In vivo human cancer genomics studies

We analyzed 2, 540 tumors across 22 cancer types of PCAWG [1], including 321 tumors of hepatocellular carcinoma, 286 tumors of prostate adenocarcinoma, 237 tumors of pancreatic adenocarcinoma, 194 tumors of breast adenocarcinoma, 146 tumors of central nervous system medulloblastoma, 143 tumors of renal cell carcinoma,112 tumors of ovary adenocarcinoma and 100 cases of B-cell non-Hodgkin lymphoma. Other cancer types have less than 100 tumors per cancer type. The tumors were whole genome sequenced and datasets of the somatic mutation calls were downloaded from https://www.synapse.org/#!Synapse:syn11726620, which includes single base substitution (SBS) and Insertions and Deletions (INDEL). The hypermutator tumors with SBS mutation burden more than 10 mutations/Mb were excluded [58] (e.g., we excluded 5 tumors of hepatocellular carcinoma, 4 tumors of pancreatic adenocarcinoma, 4 tumors of breast adenocarcinoma, 1 tumor of renal cell carcinoma,1 tumor of ovary adenocarcinoma, 7 tumors of B-cell non-Hodgkin lymphoma and zero tumors for other two cancer types).
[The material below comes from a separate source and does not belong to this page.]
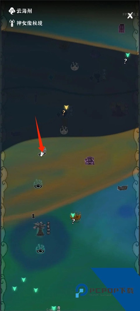 神女像秘境出来后,先别急着做下一步任务地图右下角巨魔巢穴左侧有一个宝箱,先去开了,再进行下一步任务

For each cancer type, we applied SUITOR, SigProfilerExtractor, SignatureAnalyzer and signeR to select the number of signatures and estimate signature activities and profiles. The signatures with cosine similarity larger than 0.8 were reported. The higher the cosine similarity the better match to a COSMIC signature profile. The cosine similarity equivalent to one denotes a perfect match. Note that the cosine similarity larger than 0.9 is a more stringent cutoff and our simulation studies show few true signatures may be missed by using the cosine similarity 0.9 as the cutoff.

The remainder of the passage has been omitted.